The records:
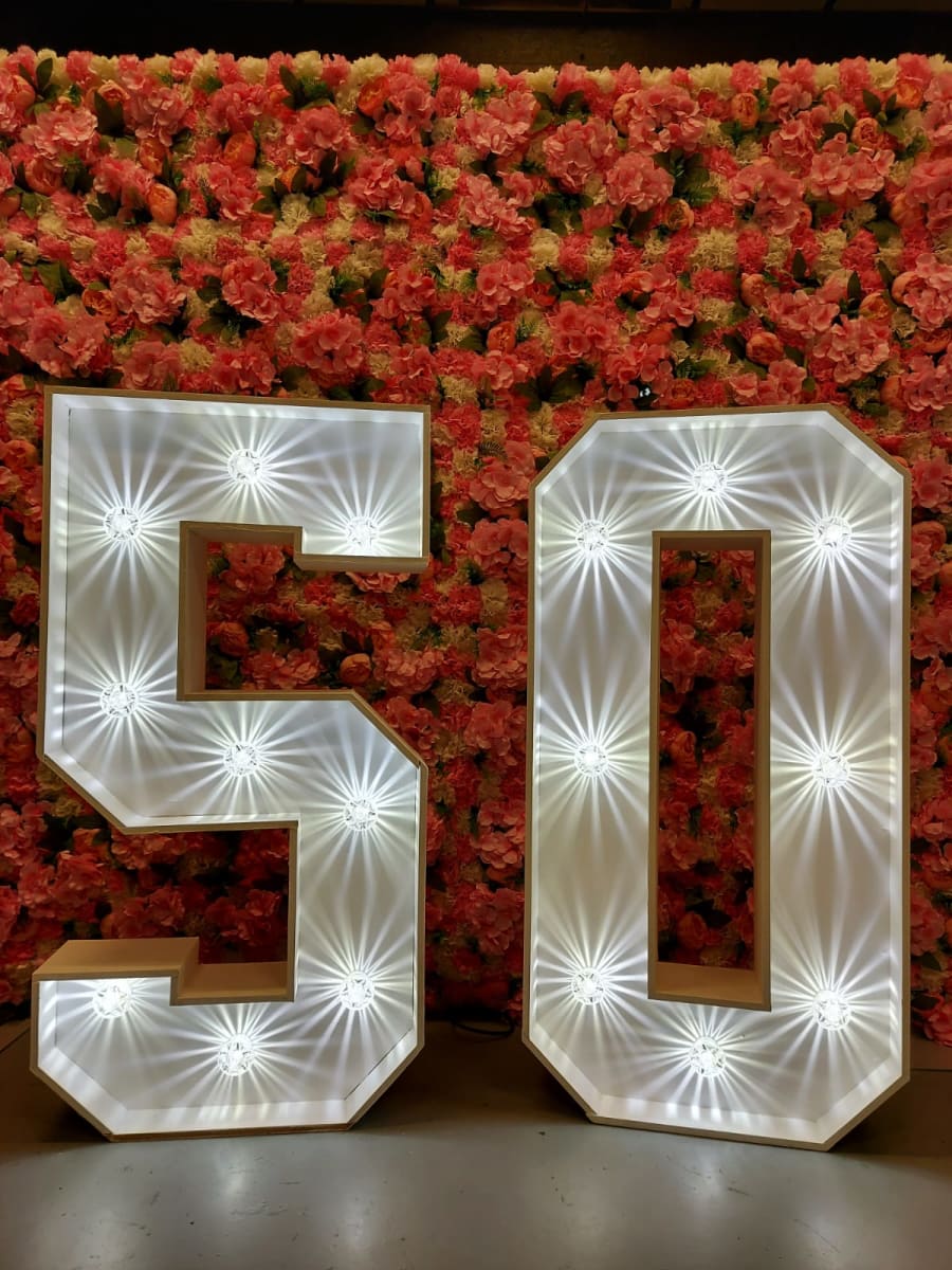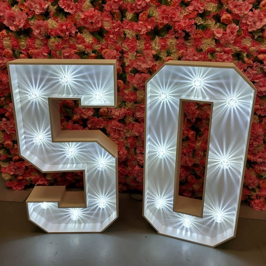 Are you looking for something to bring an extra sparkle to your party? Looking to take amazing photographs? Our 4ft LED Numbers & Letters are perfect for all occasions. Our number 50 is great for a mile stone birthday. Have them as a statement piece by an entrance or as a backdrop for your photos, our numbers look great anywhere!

--

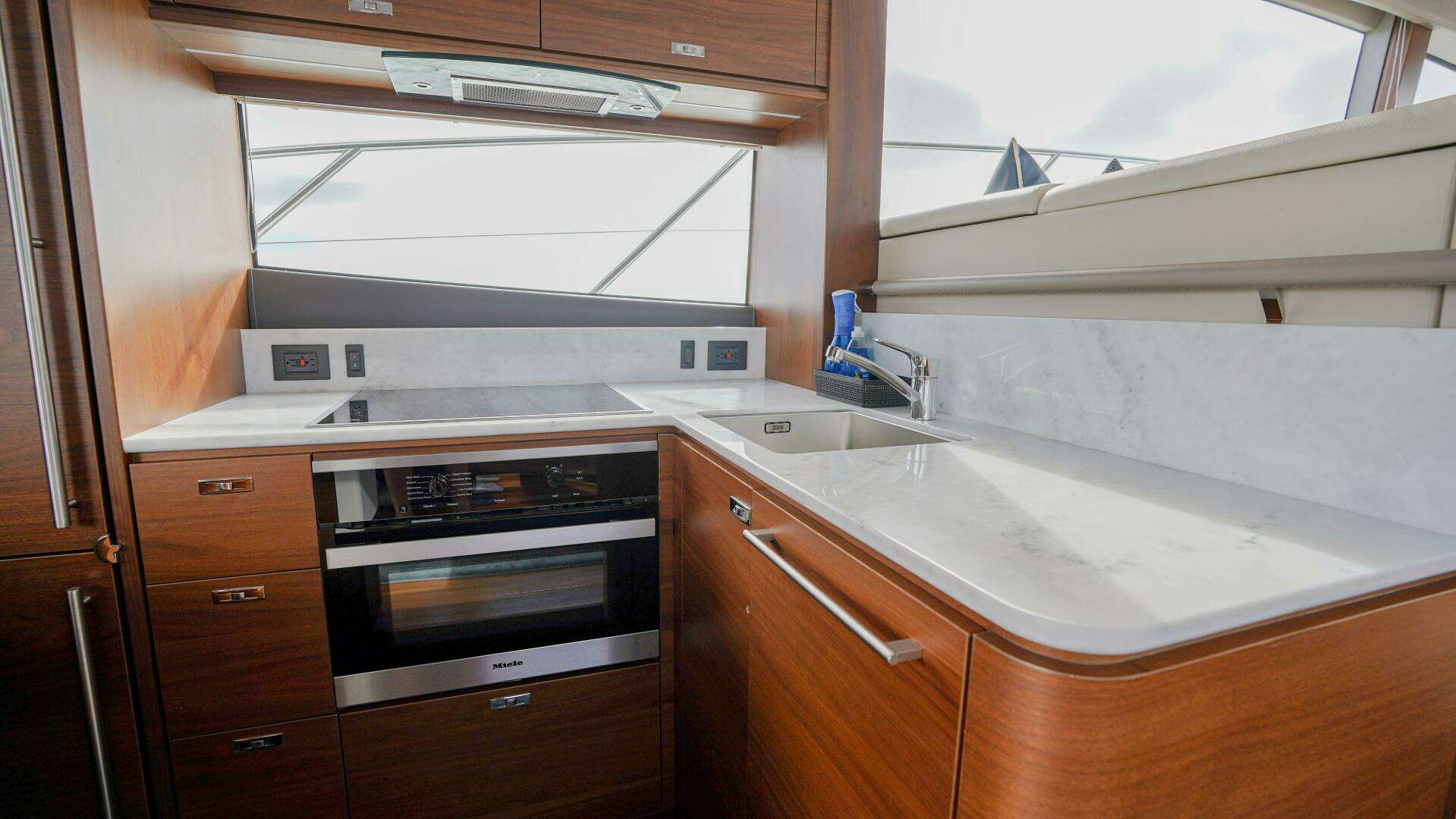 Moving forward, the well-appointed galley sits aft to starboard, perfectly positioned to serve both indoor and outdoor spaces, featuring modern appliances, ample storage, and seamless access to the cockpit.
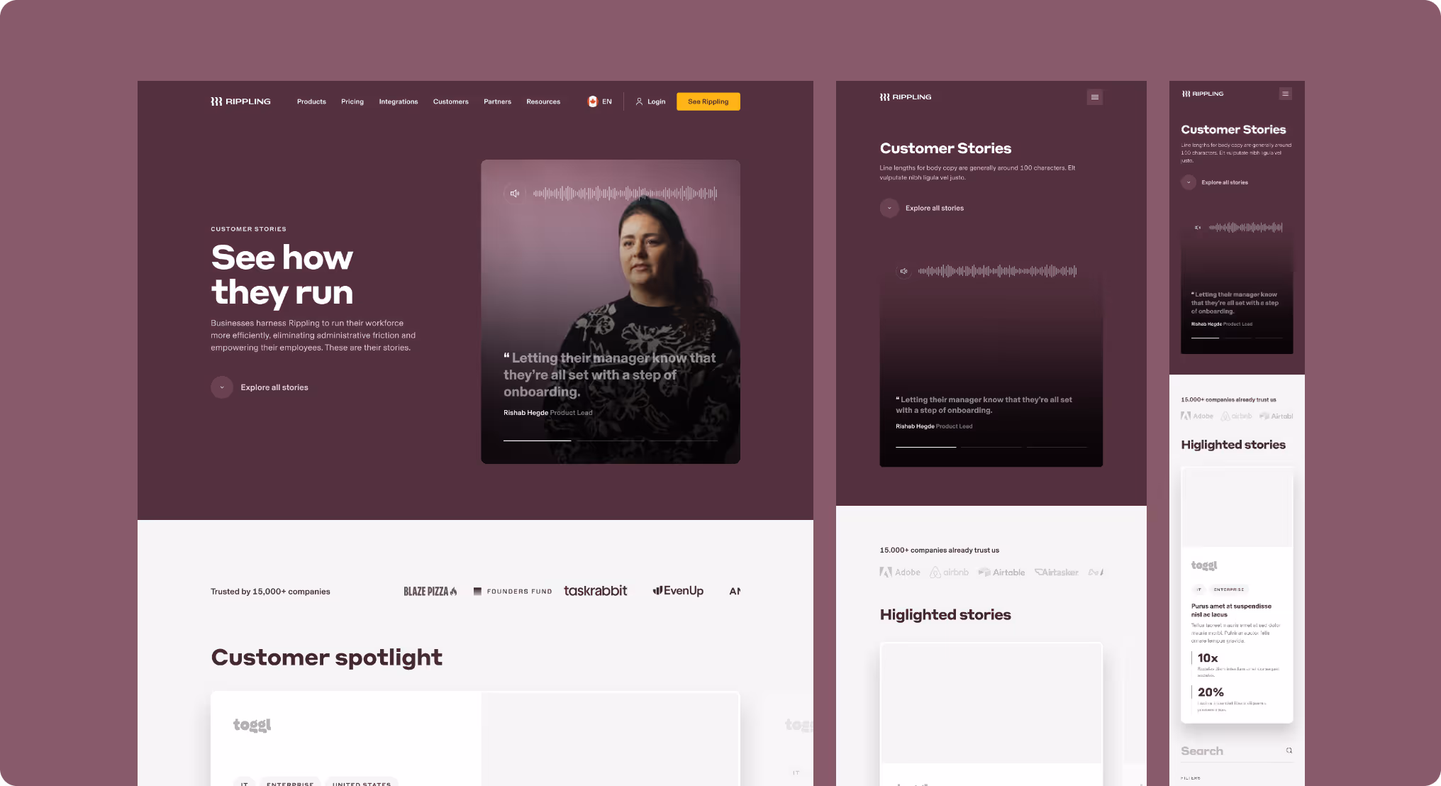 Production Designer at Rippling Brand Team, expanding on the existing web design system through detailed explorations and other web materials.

Exercise requirements: Please output the lines above beginning at the line with "Moving forward, the" and ending after the line with "Production Designer at", precisely as written and with no pictures.

Exercise response:
 Moving forward, the well-appointed galley sits aft to starboard, perfectly positioned to serve both indoor and outdoor spaces, featuring modern appliances, ample storage, and seamless access to the cockpit.
 Production Designer at Rippling Brand Team, expanding on the existing web design system through detailed explorations and other web materials.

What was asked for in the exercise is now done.